This repository provides a PyTorch implementation of our work. The paper is published on IEEE JBHI.
- Model: A novel unsupervised domain adaptation (UDA) framework with image-level, patch-level and feature-level alignments
- Task: Cross-Modality Cerebrovascular Segmentation
- Data: TOF-MRA and CTA
- 2023.08: Code released.
- 2024.02.06: Repo improved.
- The complete code and tutorial will be released soon.
- The whole dataset consists of two parts, CTA dataset and TOF-MRA dataset. The TOF-MRA dataset comes from the IXI Dataset, collected from the Institute of Psychiatry. The CTA dataset is private.

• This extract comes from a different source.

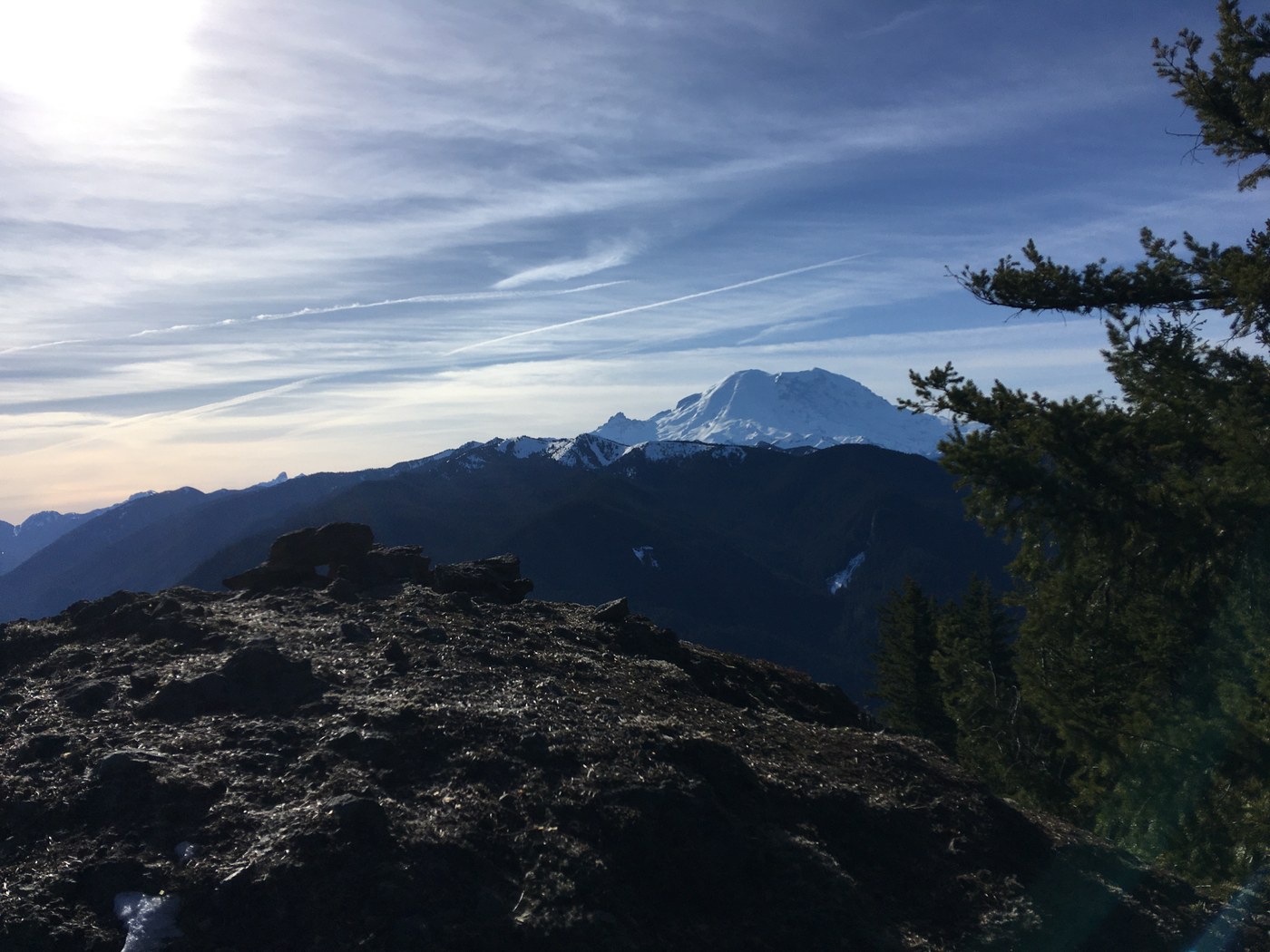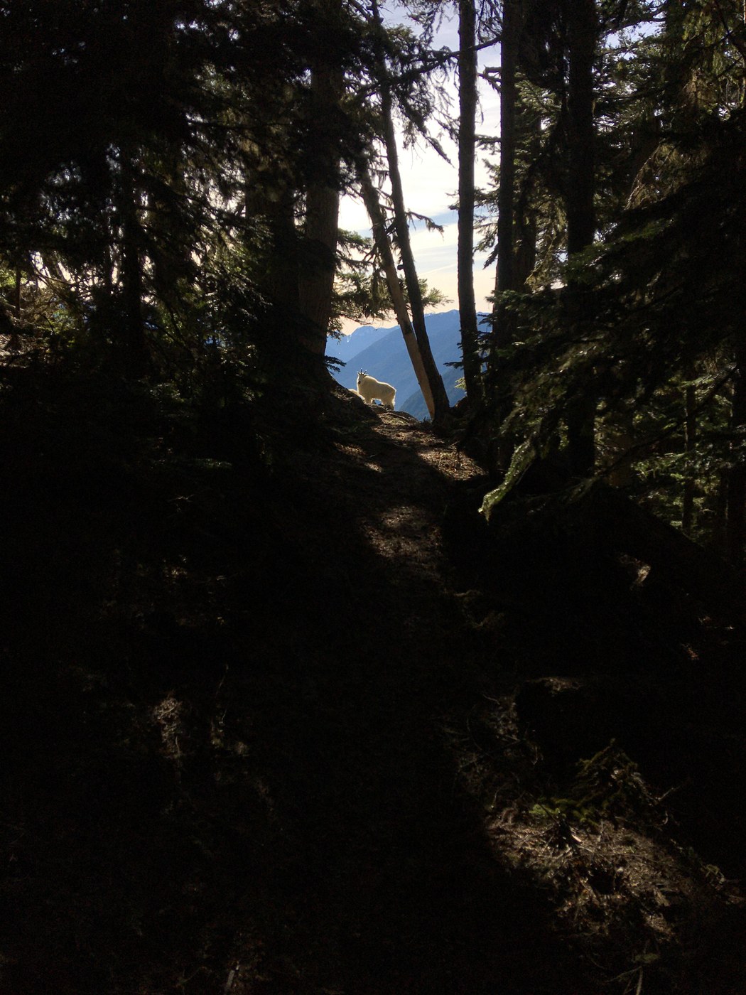 Some other takeaways I can share: First, the Palisades trail is fully snow covered between the junction and about a half mile before Little Ranger Peak. No traction required but gaiters and poles are helpful. Second, there are goats around here! When I was just about to reach the viewpoint off the switchback near the summit, I was greeted with a surprising and curious gaze of one said goat. I backed away to give it space, and when I slowly began making my way to the viewpoint it had disappeared. Third, the summit of Little Ranger Peak is attainable via an easy forested slope scramble and has a register tube. These views were the most clear and expansive of the entire hike.

- If you want to use the data, please contact us ([email protected]). We will share the CTA dataset after you fill out a questionnaire on data usage intention. Next we will update this process.
- Please prepare an environment with python=3.8, and then use the command "pip install -r requirements.txt" for more dependencies.
If you have already arranged your data, you can start training your model.
cd "/home/... .../CereTS/"
python train.py -name <your path to save>
After finishing training, you can start testing your model.
python test.py -ckpt_path <your checkpoint path> -save_path <your save path> -target_npy_dirpath <your input path>
If our paper or code is helpful to you, please consider citing our paper:
Y. Wang, C. Meng, Z. Tang, X. Bai, P. Ji and X. Bai, "Unsupervised Domain Adaptation for Cross-Modality Cerebrovascular Segmentation," in IEEE Journal of Biomedical and Health Informatics, doi: 10.1109/JBHI.2024.3523103.